=== Task to carry out ===
Please repeat exactly, and only, the lines from the one containing "ご自身で織り上げた上布の縞にトンボの手描き帯" through the end of the records below, with no pictures.

+++ Data provided +++

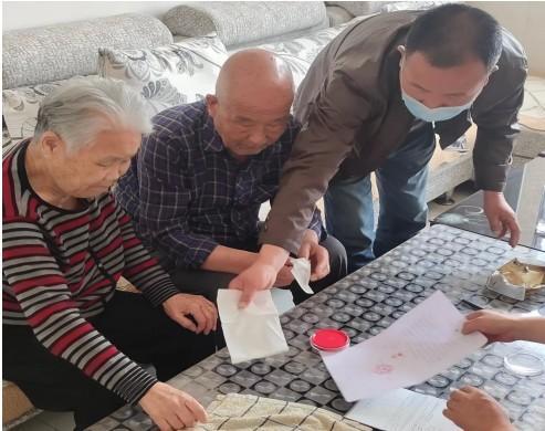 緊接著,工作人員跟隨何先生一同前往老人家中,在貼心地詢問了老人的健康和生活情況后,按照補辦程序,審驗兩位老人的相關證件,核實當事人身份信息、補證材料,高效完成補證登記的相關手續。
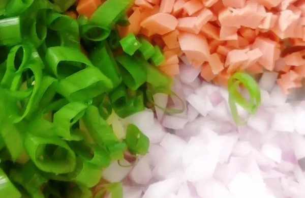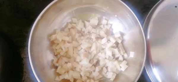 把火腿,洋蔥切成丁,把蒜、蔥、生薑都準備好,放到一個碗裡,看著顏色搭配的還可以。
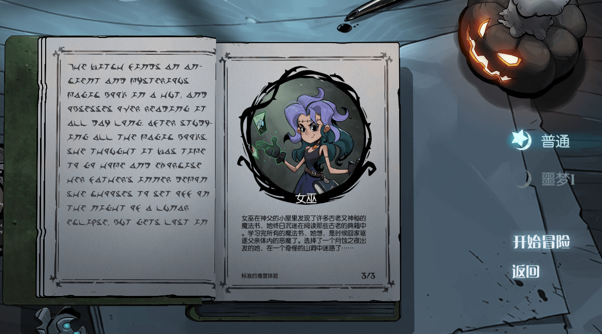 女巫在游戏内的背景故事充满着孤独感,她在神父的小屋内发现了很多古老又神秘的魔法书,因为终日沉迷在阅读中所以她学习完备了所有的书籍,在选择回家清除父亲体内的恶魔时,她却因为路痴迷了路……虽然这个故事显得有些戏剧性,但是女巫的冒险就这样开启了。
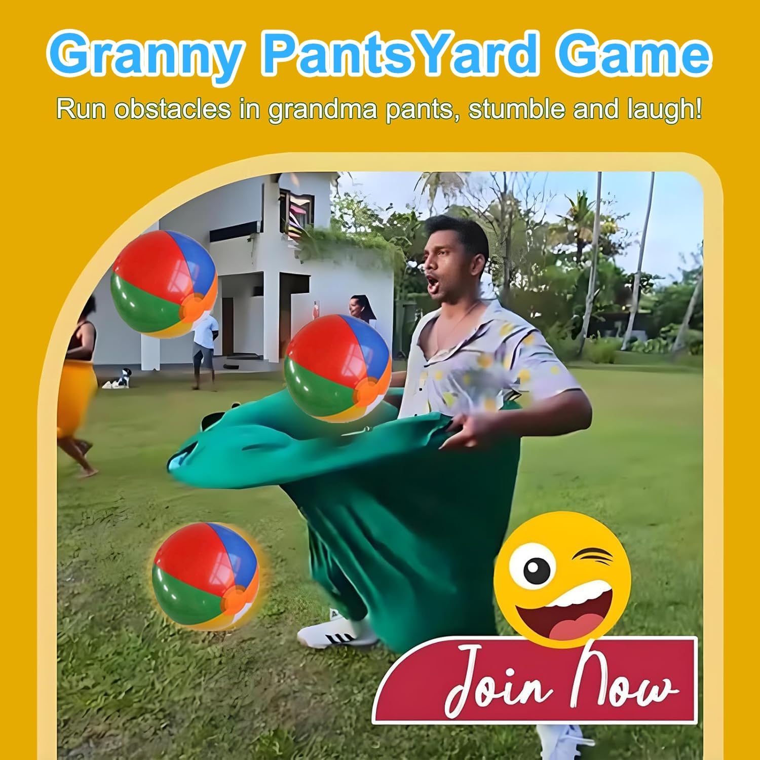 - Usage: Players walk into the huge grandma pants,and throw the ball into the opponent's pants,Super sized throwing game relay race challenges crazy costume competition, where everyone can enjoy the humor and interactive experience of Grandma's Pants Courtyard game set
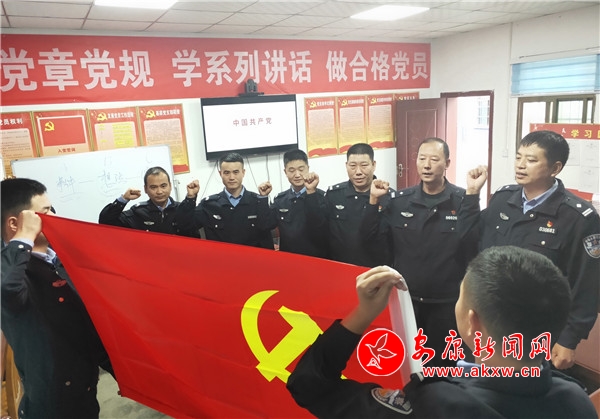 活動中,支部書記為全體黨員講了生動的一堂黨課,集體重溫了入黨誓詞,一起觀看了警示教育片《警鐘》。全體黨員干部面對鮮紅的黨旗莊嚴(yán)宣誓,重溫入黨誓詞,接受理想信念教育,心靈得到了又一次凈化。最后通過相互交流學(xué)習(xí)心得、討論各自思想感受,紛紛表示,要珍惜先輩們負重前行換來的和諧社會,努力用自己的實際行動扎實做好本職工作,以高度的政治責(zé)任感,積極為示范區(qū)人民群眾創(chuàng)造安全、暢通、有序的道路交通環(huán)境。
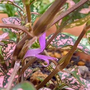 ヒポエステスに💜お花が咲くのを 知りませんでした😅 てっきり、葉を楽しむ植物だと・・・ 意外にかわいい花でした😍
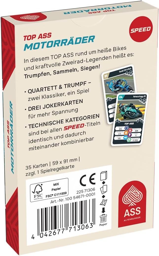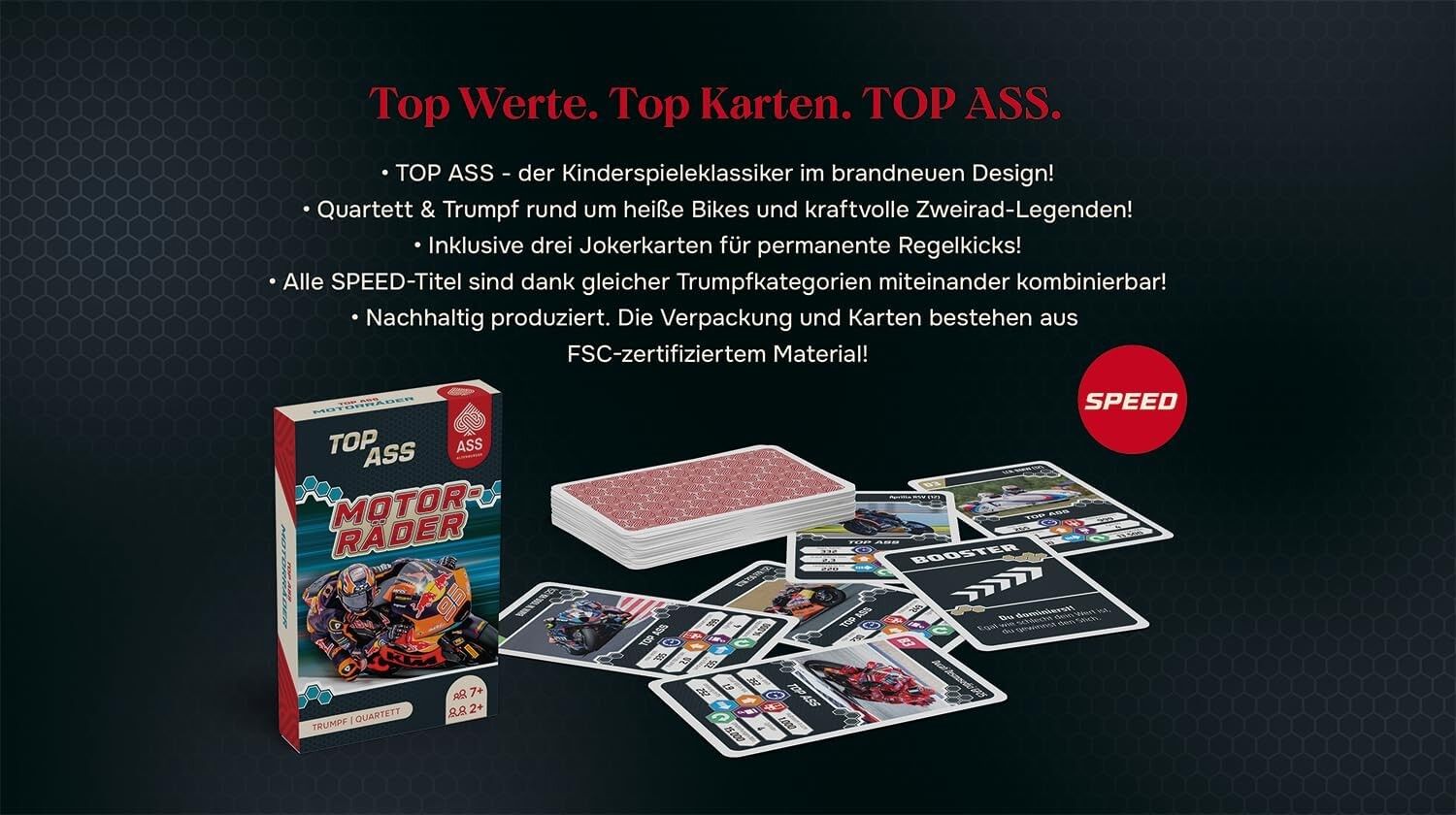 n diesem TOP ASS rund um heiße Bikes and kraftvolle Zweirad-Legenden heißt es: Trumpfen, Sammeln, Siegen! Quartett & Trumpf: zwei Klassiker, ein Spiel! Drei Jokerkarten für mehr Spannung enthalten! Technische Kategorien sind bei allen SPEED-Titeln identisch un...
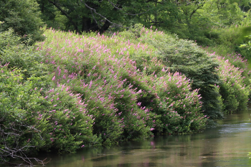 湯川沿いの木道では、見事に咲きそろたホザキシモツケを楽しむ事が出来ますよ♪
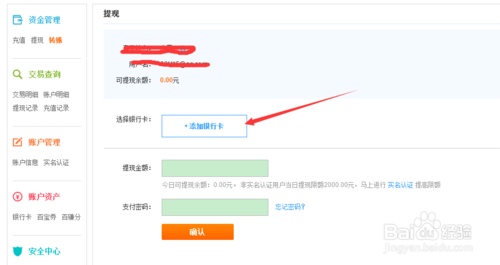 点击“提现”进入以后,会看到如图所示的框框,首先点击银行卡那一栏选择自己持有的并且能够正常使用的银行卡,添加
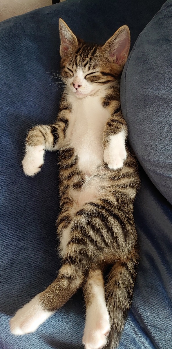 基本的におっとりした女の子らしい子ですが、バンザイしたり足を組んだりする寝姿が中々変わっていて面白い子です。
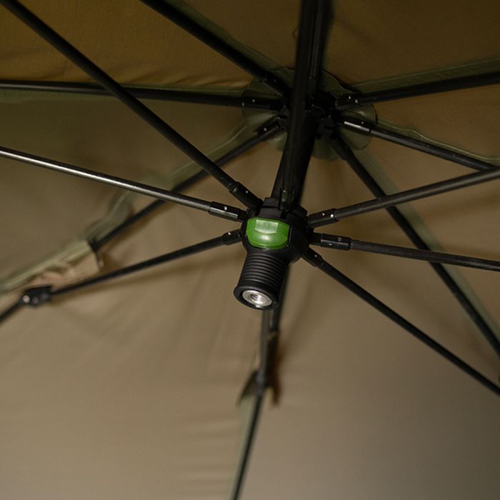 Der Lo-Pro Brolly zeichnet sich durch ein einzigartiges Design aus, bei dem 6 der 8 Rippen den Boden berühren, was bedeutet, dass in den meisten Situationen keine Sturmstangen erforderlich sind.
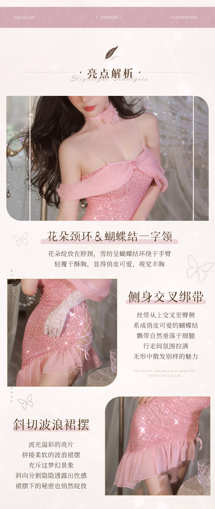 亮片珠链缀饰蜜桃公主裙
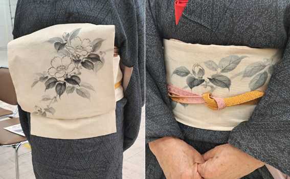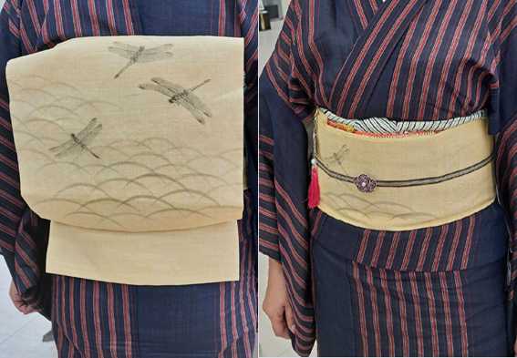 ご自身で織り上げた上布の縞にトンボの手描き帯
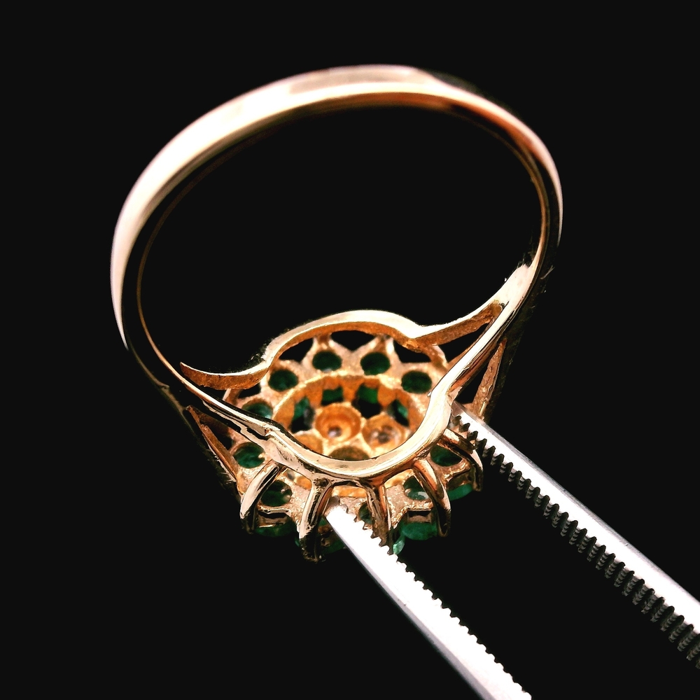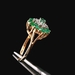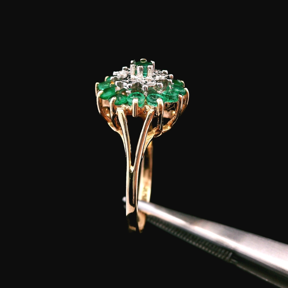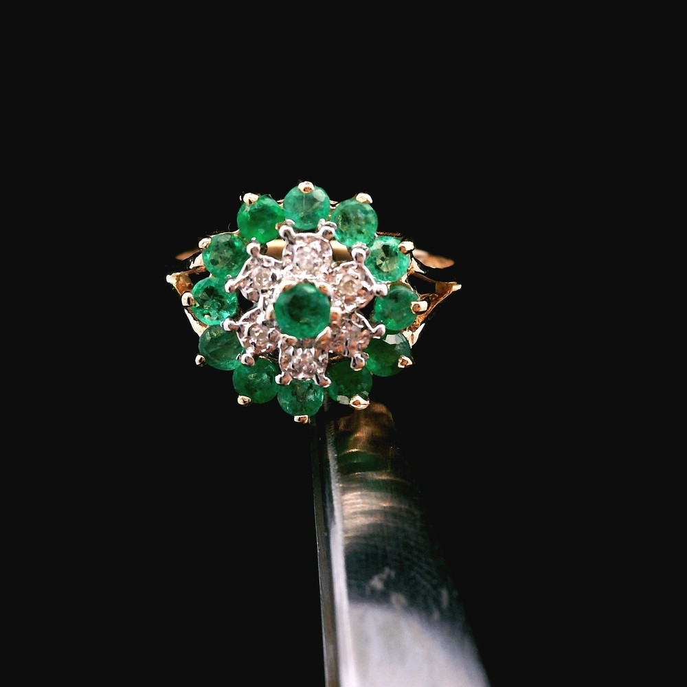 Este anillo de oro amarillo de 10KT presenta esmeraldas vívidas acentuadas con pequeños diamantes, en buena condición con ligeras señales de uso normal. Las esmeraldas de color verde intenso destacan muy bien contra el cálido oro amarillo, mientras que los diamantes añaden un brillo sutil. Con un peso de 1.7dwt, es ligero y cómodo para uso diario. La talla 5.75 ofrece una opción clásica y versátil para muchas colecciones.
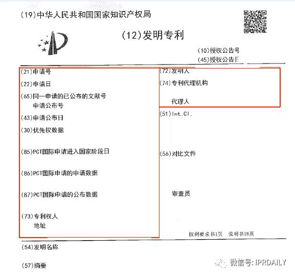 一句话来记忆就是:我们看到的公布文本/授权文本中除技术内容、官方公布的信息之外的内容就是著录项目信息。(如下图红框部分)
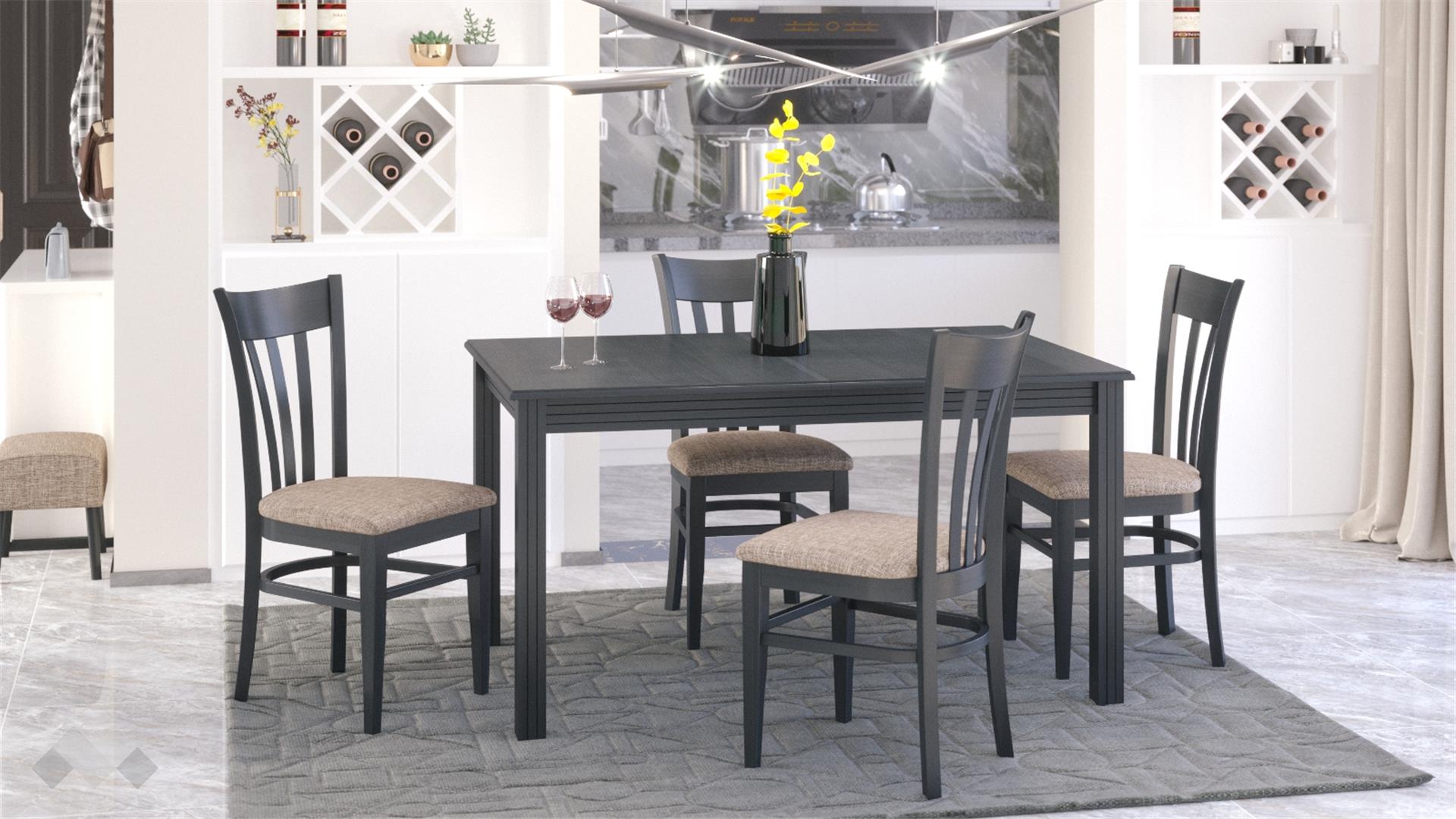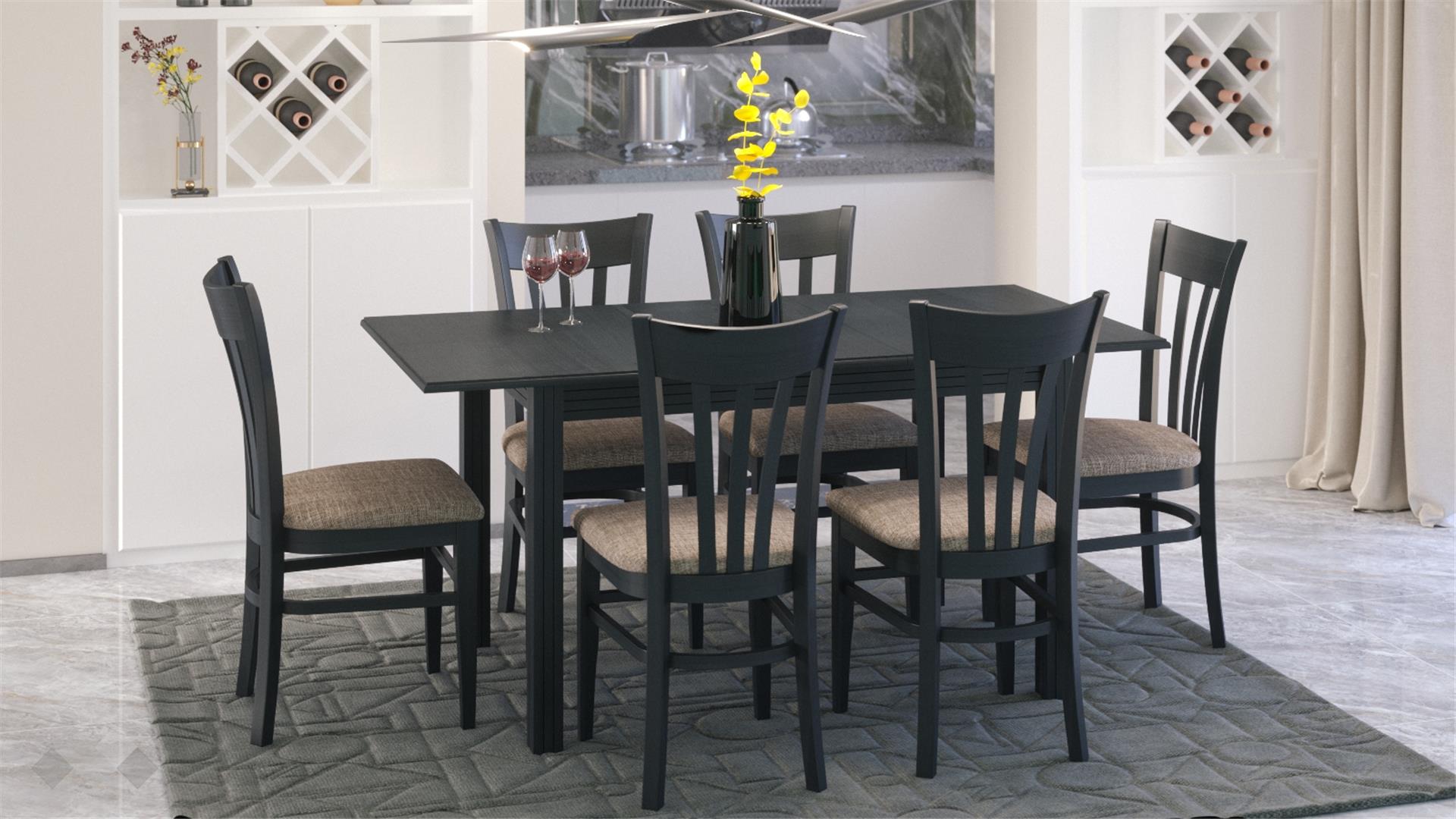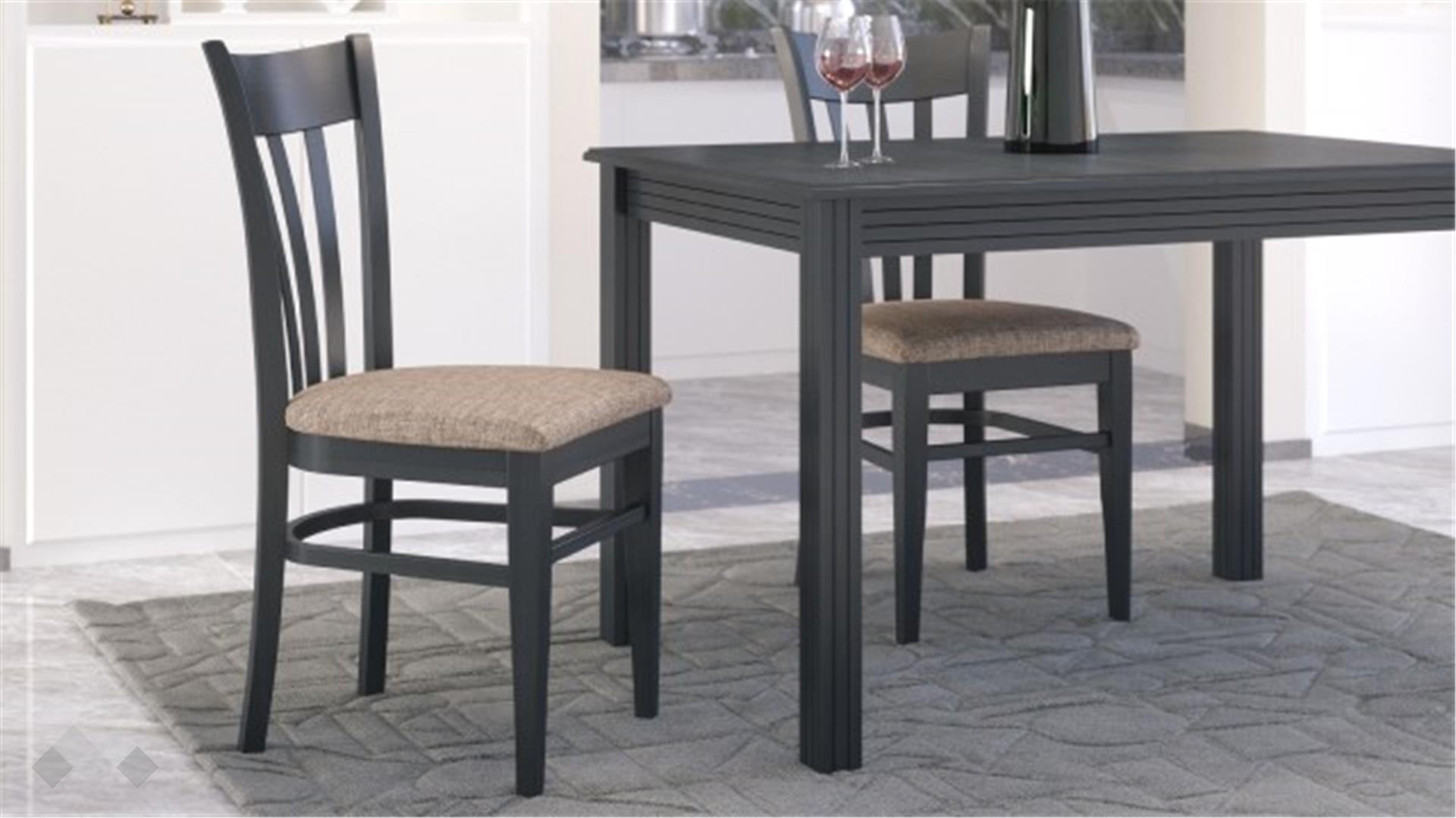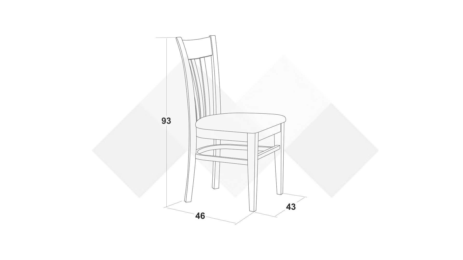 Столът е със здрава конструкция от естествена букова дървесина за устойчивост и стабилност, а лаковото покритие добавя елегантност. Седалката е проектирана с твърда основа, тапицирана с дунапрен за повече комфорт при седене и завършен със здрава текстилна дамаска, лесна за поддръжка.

+++

=== Response to the task ===
 ご自身で織り上げた上布の縞にトンボの手描き帯
 Este anillo de oro amarillo de 10KT presenta esmeraldas vívidas acentuadas con pequeños diamantes, en buena condición con ligeras señales de uso normal. Las esmeraldas de color verde intenso destacan muy bien contra el cálido oro amarillo, mientras que los diamantes añaden un brillo sutil. Con un peso de 1.7dwt, es ligero y cómodo para uso diario. La talla 5.75 ofrece una opción clásica y versátil para muchas colecciones.
 一句话来记忆就是:我们看到的公布文本/授权文本中除技术内容、官方公布的信息之外的内容就是著录项目信息。(如下图红框部分)
 Столът е със здрава конструкция от естествена букова дървесина за устойчивост и стабилност, а лаковото покритие добавя елегантност. Седалката е проектирана с твърда основа, тапицирана с дунапрен за повече комфорт при седене и завършен със здрава текстилна дамаска, лесна за поддръжка.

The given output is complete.